Mein Vater arbeitete damals als Busfahrer. Wenn er von der Arbeit kam, brauchte er zunächst mal ein bisschen Pause. Aber nach dem Päusken hatte er Zeit,
- mein Fahrrad zu reparieren,
- mit meinem Bruder zu spielen,
- mit meiner Mutter zum Einkaufen zu fahren,
- das Auto zu waschen,
- zu essen,
- zu duschen und
- um 20:00 Uhr vor dem Fernseher zu sitzen, um Herrn Koeppke bei den Nachrichten zuzuhören.
Ich habe immer den Eindruck, heute ist eine Stunde soooo kurz geworden, dass man eigentlich nach der Arbeit und der kurzen Pause, die man sich gönnt, direkt vor den Fernseher hüpfen muss, weil die 20:00 Uhr Nachrichten fast schon begonnen haben und man die auf keinen Fall verpassen darf.
Meine Mutter war Hausfrau. Auch sie hatte früher mehr Zeit. Wir hatten weder eine Spülmaschine noch einen Wäschetrockner. Der Fussboden musste nach dem Wischen immer noch gebohnert werden. Geheizt wurde mit Kohle. Also runter in den Keller:
- Kohlen holen,
- Asche rausbringen,
- den Ofen anheizen.
Waschen tat zwar die Waschmaschine, aber zum Schleudern brauchte man eine separate Schleuder. Ein lustiges Teil. Und immer wenn meine Mutter im Keller "Ach du liebes bisschen!" rief, war die Schleuder wieder von der Schüssel weg gehüpft, die das Wasser auffing. Und das wallte dann, wie das Wasser beim Zauberlehrling, durch die gesamte Waschküche. Das Aufhängen der Wäsche brauchte natürlich auch seine Zeit. Aber trotzdem konnte meine Mutter einen halben Vormittag einkaufen gehen. Das dauerte schon alleine deswegen so lange, weil man ja in zig Läden musste. Dann noch'n bissken mit der Nachbarin quatschen … und nach all dem stand das Mittagessen trotzdem pünktlich auf dem Tisch.
Mutter ging zum Kaffeetrinken im Kindergarten. Zwei Stunden lang. Und sie schaffte es dennoch, die Wäsche wieder abzunehmen, im Wohnzimmer Staub zu wischen und mit uns in den Ruhrpark zu gehen. Also irgendetwas muss an der Zeit früher anders gewesen sein? Wenn's nicht die Minuten waren und nicht Sekunden gewesen sein können?

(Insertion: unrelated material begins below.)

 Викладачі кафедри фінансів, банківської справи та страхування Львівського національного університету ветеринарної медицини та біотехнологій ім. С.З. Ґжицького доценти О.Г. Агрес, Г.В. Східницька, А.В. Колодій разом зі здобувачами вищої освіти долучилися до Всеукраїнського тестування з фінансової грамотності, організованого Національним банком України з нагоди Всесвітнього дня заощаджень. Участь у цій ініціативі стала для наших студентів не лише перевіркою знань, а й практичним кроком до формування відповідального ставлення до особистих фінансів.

Was war's denn sonst?
Also gibt es nur eine logische Erklärung dafür: Früher war eine Stunde eben einfach länger! Oder vielleicht ist es ja auch so, dass die Stunden heute einfach erheblich kürzer sind?
Heute hört man einen Satz viel zu oft:
- "ICH HAB KEINE ZEIT!"
Ich kann am Computer lange mit meiner Freundin schreiben, aber wir haben keine Zeit uns auf einen Kaffee zu treffen. Ich sehe Frauen auf dem Spielplatz stehen, weil sie keine Zeit mehr haben, sich auf die Bank zu setzen und den Kindern beim Spielen zuzuschauen. Ich sehe sie am Sandkasten stehen und sagen: “Komm Justin, du hast jetzt genug gerutscht, wir müssen nach Hause, ich habe keine Zeit mehr, ich muss noch waschen!”

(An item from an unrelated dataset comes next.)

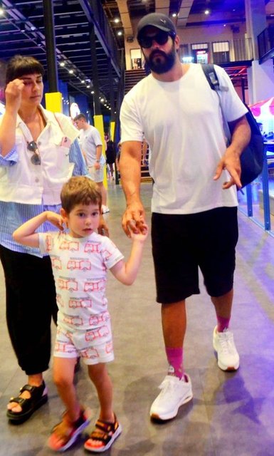 Karan ile birlikte gazetecilerin objektiflerine poz vermeyi ihmal etmeyen ünlü isim, daha sonra oğluyla birlikte oyun oynamaya gitti.

Eigentlich komisch. Das Beladen der Waschmaschine dauert 5 Minuten, dann arbeitet die Maschine zwei Stunden, ohne dass man daneben stehen muss. Also zwei Stunden Zeit zum Spielen! Aber wo sind diese zwei Stunden? Vielleicht waren früher die Stunden gar nicht länger, sondern die Menschen haben ihre Zeit nur besser und sinnvoller eingeteilt?
Wenn ich meine Zeit am Computer brauche, um ausschließlich mit meiner Freundin zu schreiben, ohne noch zusätzlich etwas anderes zu erledigen; dann kann ich doch auch gleich zu ihr fahren. Das dauert auch nur 5 Minuten länger, denn weiter ist der Weg zu ihr nicht. Und wenn ich die Waschmaschine einschalte und dann auf den Spielplatz gehe, hab ich zwei Stunden gewonnen, um mit meinem Kind zu spielen. So einfach kann das sein.

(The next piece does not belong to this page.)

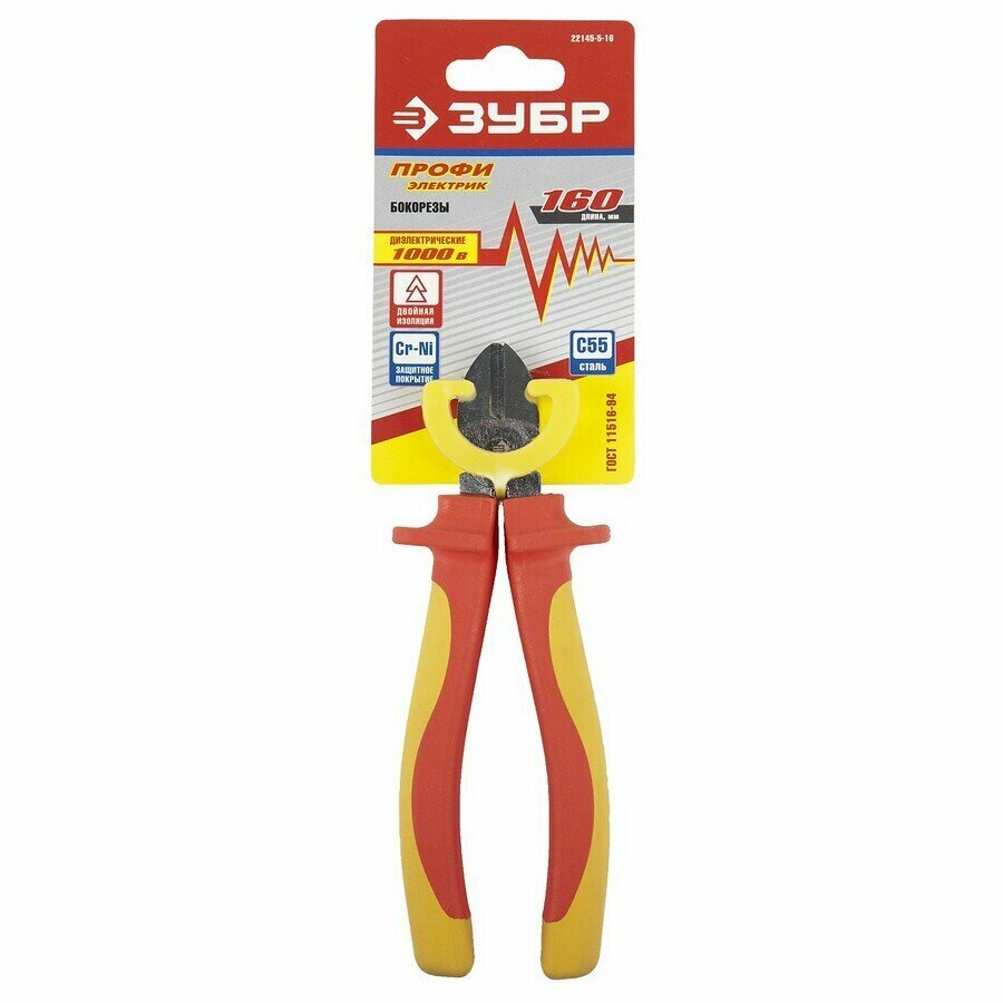 Бокорезы Зубр Профессионал "ПрофиЭлектрик", диэлектрические, двухкомп маслобензостойкая рукоятка, высоковольтные до ~1000В, 160мм, 22145-5-16

Maschinen erleichtern uns sicherlich die Arbeit. Aber die Zeit, die wir dadurch gewinnen, sollten wir unbedingt mit Menschen verbringen. Doch dummerweise nutzen wir die gewonnenene Zeit nur, um wieder mit Maschinen Kontakt zu haben und eben nicht mit Menschen. Ich bin leider, muss ich zu meiner Schande gestehen, keine Ausnahme.
Als es diese ganzen, vielen Maschinen, die Medien- und Unterhaltungsgeräte noch nicht gab, da hatten wir wirklich Zeit für einander. Darum wünsche ich sie mir manchmal zurück: DIE GUTE ALTE ZEIT.